THE PROBLEM:
Restate each of the lines below word for word and drop every picture.

DATA SHOWN:
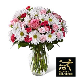 ホワイトデイジーとローズの可愛いアレンジメントです。
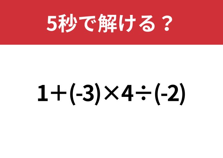 3. 大人なら間違えずに計算して!「1+(-3)×4÷(-2)」5秒で解ける?
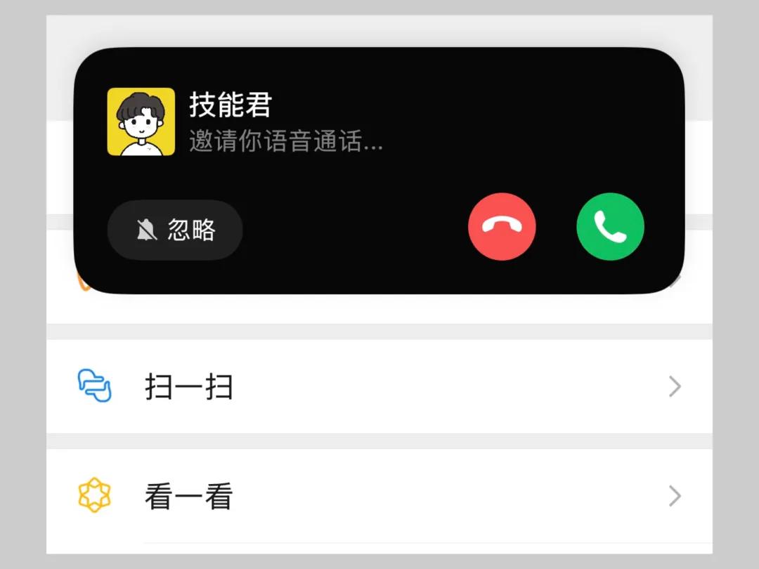 当微信收到好友发起的语音或视频通话后,弹窗中新增了一个“忽略”的新按钮。

WORKED SOLUTION:
 ホワイトデイジーとローズの可愛いアレンジメントです。
 3. 大人なら間違えずに計算して!「1+(-3)×4÷(-2)」5秒で解ける?
 当微信收到好友发起的语音或视频通话后,弹窗中新增了一个“忽略”的新按钮。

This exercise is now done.